You declare that the data you provide us with, now or in the future, are correct and truthful and you undertake to inform us of any changes to them. In the event of providing personal data of third parties, you undertake to obtain the prior consent of those concerned and to inform them of the content of this policy.
In general, the fields marked as mandatory on our forms must be completed in order to process your requests.
- Who is responsible for the processing of your data? The person responsible for the processing of the personal data collected on this website is HOTEL BENDINAT S.L. (hereinafter, HOTEL BENDINAT), with address at calle Andrés Ferret Sobrat nº 1, 07181 Calvià (Illes Balears); Tel. +34 971 675 725; Email: firstname.lastname@example.org
- What will we process your data for and on what legal basis?
2.1 Management of the relationship with customers and users: We process the data that our customers and users provide in their queries in order to attend to their requests.
This processing is necessary for the execution of the legal relationship with the users of the website or for the implementation of pre-contractual measures at their own request.

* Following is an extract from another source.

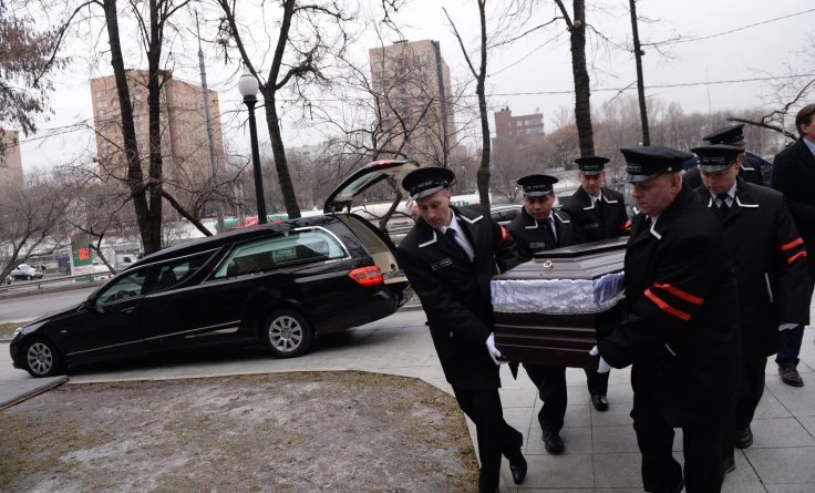 Nhân viên tang lễ di chuyển quan tài của ông Boris Nemtsov trước lễ viếng tại Moscow (Ảnh: AFP)

2.2 Account management: We process the data that our users provide in the registration form on the website, as well as those registered in their profile, to create and manage their accounts and to give them access to the functionalities available to registered users.
These processing operations are necessary for the application of pre-contractual measures at your request.
2.3 Management of accommodation and service bookings: The data provided in the forms for booking accommodation or contracting services will be processed for the management of said bookings and the provision of the services requested. The categories of data we process for these purposes are as follows:
– Identification data (name, surname and ID card/passport) and contact data (address, email and telephone) of the reservation holder;
– Details of the reservation, voucher or service requested.
– Financial and transaction data.
The processing of this data is necessary for the provision of the requested services, the execution of the hosting contract or for the application of pre-contractual measures at your request.
The economic data and data on transactions of goods and services carried out on the website will be processed for accounting and administrative management purposes and the fulfilment of our legal obligations in accounting and tax matters.
2.4 Sending of commercial communications and management of distribution lists: We process the identification and contact data provided by our customers and the people who register on our distribution lists in order to send them communications relating to our products and services.
These processing operations are based on the consent you are asked to provide. Not giving your consent or withdrawing it does not condition the processing of your bookings or the provision of the contracted services.
You may request to unsubscribe from the processing for commercial purposes by sending an email to the following email address email@example.com.
2.5 Administration and management of web security: We process browsing data (IP addresses or logs) to administer and manage the security of the website and its restricted access areas.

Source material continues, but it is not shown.